| name | bug-investigation-and-rca |
| description | Use when fixing or investigating crashes, regressions, flakes, hangs, incorrect outputs, or incidents. |
| metadata | {"short-description":"Bug investigation & RCA"} |
Purpose
This skill exists to make bugfixes diagnosable and repeatable by enforcing evidence → root cause → fix → verification → prevention.
When to use (triggers)
Use this skill when any of these apply:
- Task mentions: bug, regression, flaky, crash, hang, error, incident, outage, “why”, or “root cause”.
- Fixing a test failure that is not a simple typo (behavior-level failure).
- Introducing workaround/ops mitigation.
- Any change that alters failure-handling paths (exceptions, retries, fallbacks).
How to use (procedure; anti-cheat)
- Reproduce (or explain why reproduction is currently impossible).
- Capture evidence (logs/metrics/traces, stack traces, minimal repro, or failing test output).
- Form hypotheses (max 2) and pick the leading one.
- Validate the hypothesis (add/adjust logging, add a minimal test, or use debugger/tooling).
- Apply the smallest safe fix.
- Verify with tests/repro/tooling output.
- Add prevention actions (at least 1) with a verifiable end state.
If the root cause is a missed workflow/product contract, prevention must include:
- the missing invariant class
- a regression test against the generated workflow, not only helper functions
- a Skill / quality-gate update if the review process failed to route the issue
- a replay fixture or generated artifact snapshot when applicable
For details and guidance, open references/bug-investigation-and-rca.md.

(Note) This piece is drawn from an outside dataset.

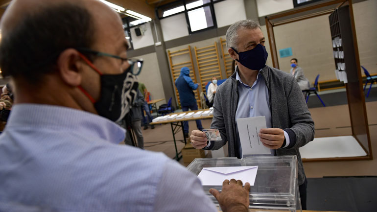 Οι ψηφοφόροι στη Βόρεια Ισπανία φορούν μάσκες και κάνουν χρήση υγρού απολυμαντικού χεριών πριν εισέλθουν σήμερα στα εκλογικά τμήματα, καθώς η Γαλικία και η Χώρα των Βάσκων διεξάγουν περιφερειακές εκλογές, ενώ παράλληλα βρίσκεται σε εξέλιξη η μάχη κατά της εξάπλωσης της πανδημίας COVID-19.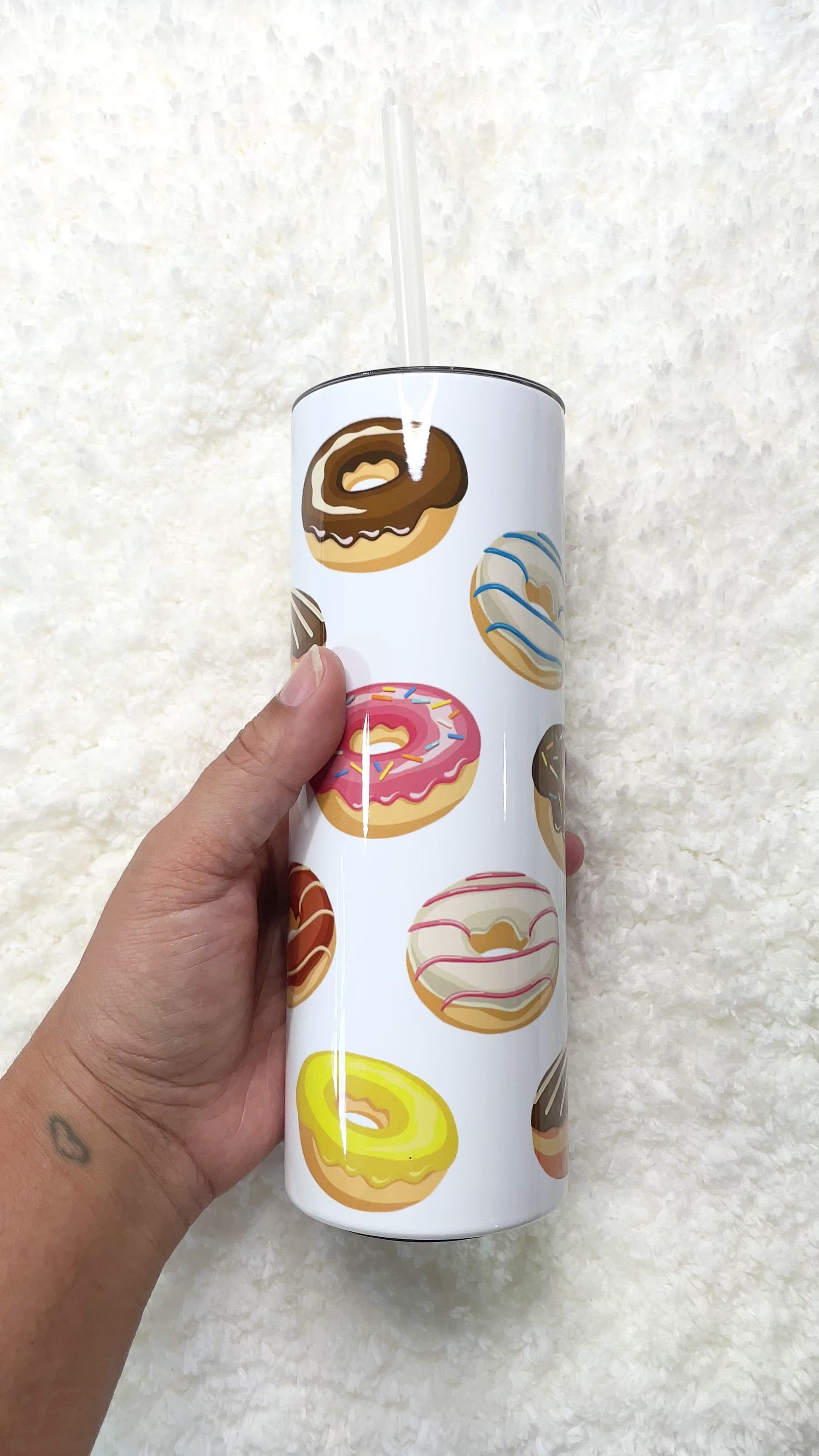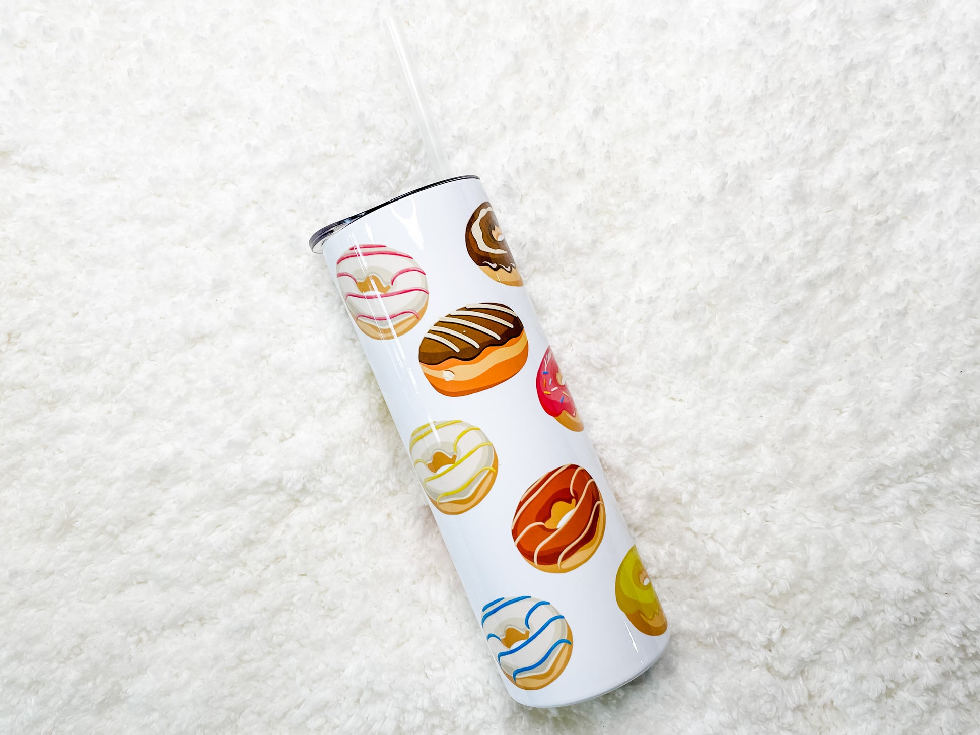 This fun Tumbler features hand-drawn colorful doughnuts. This is original artwork created by the shop owner. The pattern features lots of illustrated doughnuts as a full-wrap, no-seam design.

Helper for deterministic artifact bootstrap:
python scripts/init_artifact.py --kind bug-report --slug <ticket-or-topic> (default output: reports/bug-reports/<slug>.md)
Gotchas
- Common pitfall: patching immediately, losing reproducibility and evidence.

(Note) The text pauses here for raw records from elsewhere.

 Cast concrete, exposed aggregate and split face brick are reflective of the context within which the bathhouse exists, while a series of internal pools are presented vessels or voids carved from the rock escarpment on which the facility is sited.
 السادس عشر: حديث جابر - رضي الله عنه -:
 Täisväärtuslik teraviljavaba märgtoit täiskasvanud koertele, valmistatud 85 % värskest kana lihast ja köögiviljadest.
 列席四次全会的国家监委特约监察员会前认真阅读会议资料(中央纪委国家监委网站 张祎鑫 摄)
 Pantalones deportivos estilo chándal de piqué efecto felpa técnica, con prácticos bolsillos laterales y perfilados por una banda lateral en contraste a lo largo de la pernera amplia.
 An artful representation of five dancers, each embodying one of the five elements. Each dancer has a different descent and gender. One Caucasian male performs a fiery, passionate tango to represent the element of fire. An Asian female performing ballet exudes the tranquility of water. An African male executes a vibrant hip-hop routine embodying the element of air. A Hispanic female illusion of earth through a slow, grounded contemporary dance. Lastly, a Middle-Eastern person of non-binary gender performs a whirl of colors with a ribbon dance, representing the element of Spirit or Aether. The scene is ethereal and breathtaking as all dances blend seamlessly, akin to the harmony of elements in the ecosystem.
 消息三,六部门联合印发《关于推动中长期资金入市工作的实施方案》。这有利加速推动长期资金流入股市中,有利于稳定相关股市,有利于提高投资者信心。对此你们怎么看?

Instead: first lock reproduction steps and failure evidence, then secure a minimal repro or failing test.
- Common pitfall: fixing multiple hypotheses at once, making it unclear what worked.
Instead: pick one leading hypothesis, add observation points (logs/tests/metrics), verify, then fix.
- Common pitfall: filling Five Whys with guesses, making prevention vague.
Instead: label each Why as evidence or assumption, and define measurable completion criteria for prevention.
- Common pitfall: shipping a workaround as permanent without follow-up tracking.
Instead: document risk, removal conditions, and tracking ticket, then plan removal timing.
Output expectation (strict format; always emit)
Bug Report (RCA)
- Title:
- Symptom (actual behavior):
- Expected behavior:
- Severity/Impact:
- Environment (versions, platform, config):
- Detection (how it was found):
Reproduction
- Steps to reproduce:
- Minimal repro (if available):
- Frequency:
Evidence
- Logs / stack trace / metrics / traces:
- What changed recently (if known):
Root Cause Analysis (Five Whys)
- Why #1:
- Why #2:
- Why #3:
- Why #4:
- Why #5 (root cause):
Rule: each “Why” must be backed by evidence or a clearly labeled assumption.
Fix
- What changed (summary):
- Why this fix addresses the root cause:
Verification
- Tests run:
- Repro re-run result:
- Tooling run (if relevant):
Prevention (must include at least one, measurable)
- Prevent:
- Detect:
- Mitigate:
- Follow-up tasks (with owners / tracking IDs if available):
- If missed workflow/product contract: missing invariant class, generated-workflow regression, process update, replay fixture or artifact snapshot:
Workaround (only if unavoidable)
- Workaround description:
- Risk:
- Removal plan / tracking:
If reproduction is impossible:
- explicitly state why,
- and what evidence was used instead,
- and what instrumentation/test should be added next.